Stephen Roberts (23 November 1895 - 17 July 1936) was an American film director. He directed more than 100 films from 1923 to 1936. He was born in Summersville, West Virginia.

During World War I Steve Roberts was an aviator. After the war he bought his own airplanes and toured America with a flying circus, playing for county fairs and carnivals. His airborne career ended in Texas when, after he performed tailspins, spirals, and other dangerous maneuvers, his engine failed and the plane crashed 3,000 feet below. "It's a good thing it was only a 3,000-foot drop," quipped Roberts. "If it had been 3,500 I might have been hurt."

Like many established directors of the 1930s, Roberts had broken into motion pictures a decade earlier as a director of silent films. Roberts began as an assistant to director Bryan Foy in a Ken Maynard feature. Roberts was then employed by Educational Pictures, a prolific producer of short comedies, where he remained on the directorial staff from 1924 to 1930. When comedian Slim Summerville was filming a series of short talking comedies in 1930, Universal Pictures hired Roberts to direct them.

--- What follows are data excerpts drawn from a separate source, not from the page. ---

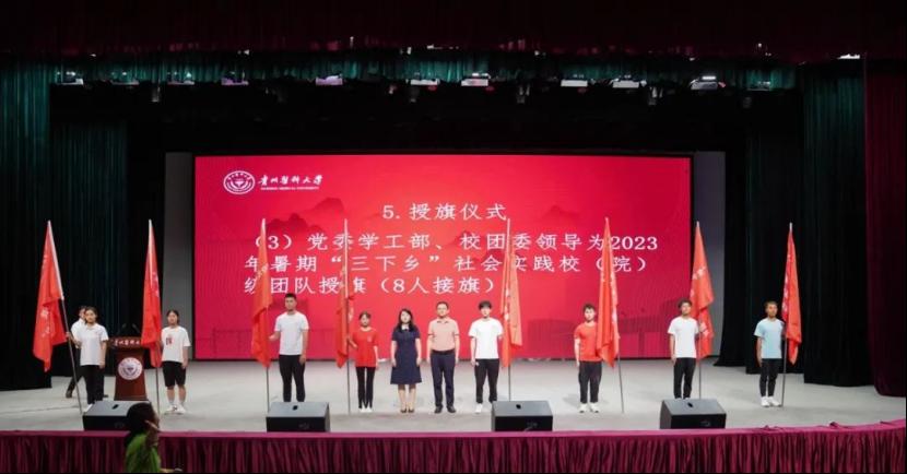 陈颖为暑期“三下乡”社会实践活动省级专项团队授旗。
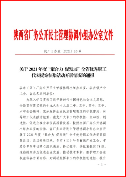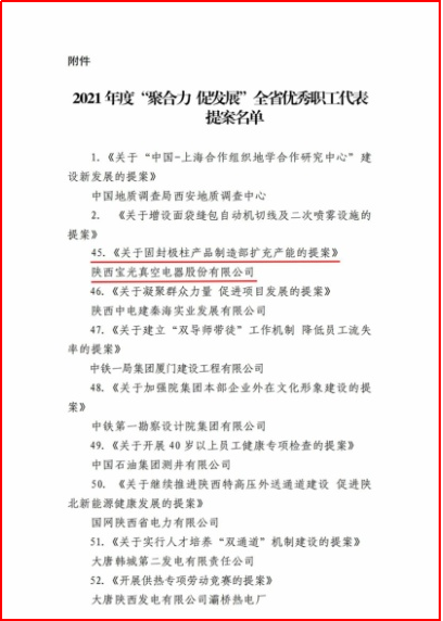 近日,从陕西省总工会传来喜讯,伟德体育官方网站集团《关于固封极柱产品制造部扩充产能的提案》荣获陕西省2021年度“聚合力 促发展”全省优秀职工代表提案。
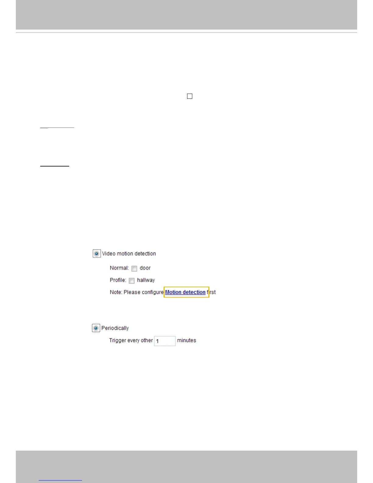 This option allows the Network Camera to trigger periodically for every other dened minute. Up to 999
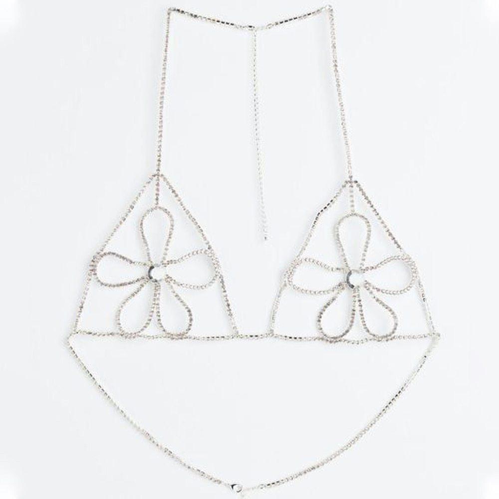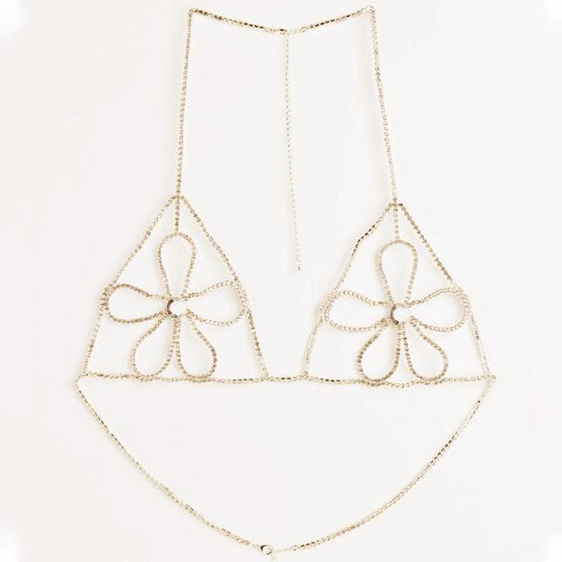 Cadena corporal sexy de AliExpress, cadena de pecho con flores, elegante y sencilla, con agujeros.
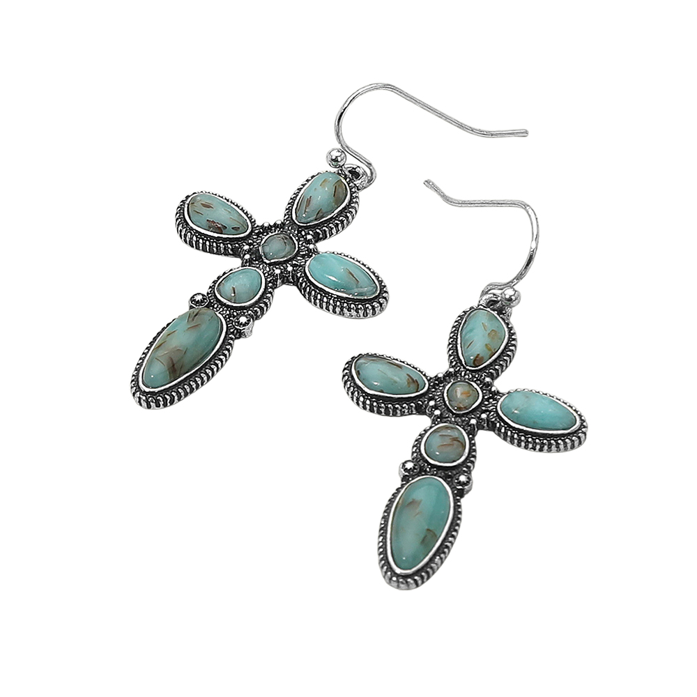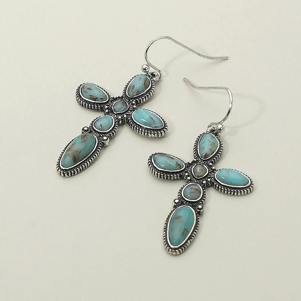 Details • Size : 1" X 1.9" • Fish Hook Back • Elegant drop earrings featuring cross shapes embellished with oval stone inlays and intricate detailing. A stylish accessory blending timeless symbolism with modern fashion, ideal for statement looks or casual wear. • Lead and Nickel Compliant

In 1932 Roberts joined Paramount Pictures, where he was equally comfortable with comedy and drama. He made a string of popular features, most famously the multi-director omnibus If I Had a Million (1932; Roberts directed the Wynne Gibson and May Robson segments) and The Story of Temple Drake (1933, originally The Shame of Temple Drake, loosely based on William Faulkner's Sanctuary). Roberts's luck ran out in 1934 when an ill-suited George Raft vehicle, The Trumpet Blows (with Raft as a Mexican bandit), misfired at the box office.

Roberts moved to RKO Radio Pictures later in 1934 and regained his stride as an efficient, all-purpose director. His last film was the William Powell-Jean Arthur comedy The Ex-Mrs. Bradford (1936); Roberts died of a heart attack two months after the film's release.

==Selected filmography==
- Cheer Up (1924) with Cliff Bowes, Virginia Vance, Eddie Boland
- The Radio Bug (1926) short comedy filmed in both silent and Phonofilm versions
- Listen Lena (1927)
- Lady and Gent (1932)
- If I Had a Million (1932)
- The Story of Temple Drake (1933)
- The Trumpet Blows (1934)
- Romance in Manhattan (1935)
- Star of Midnight 1935, RKO. Source: Graham Greene on Film, Simon and Schuster 1972, p. 14.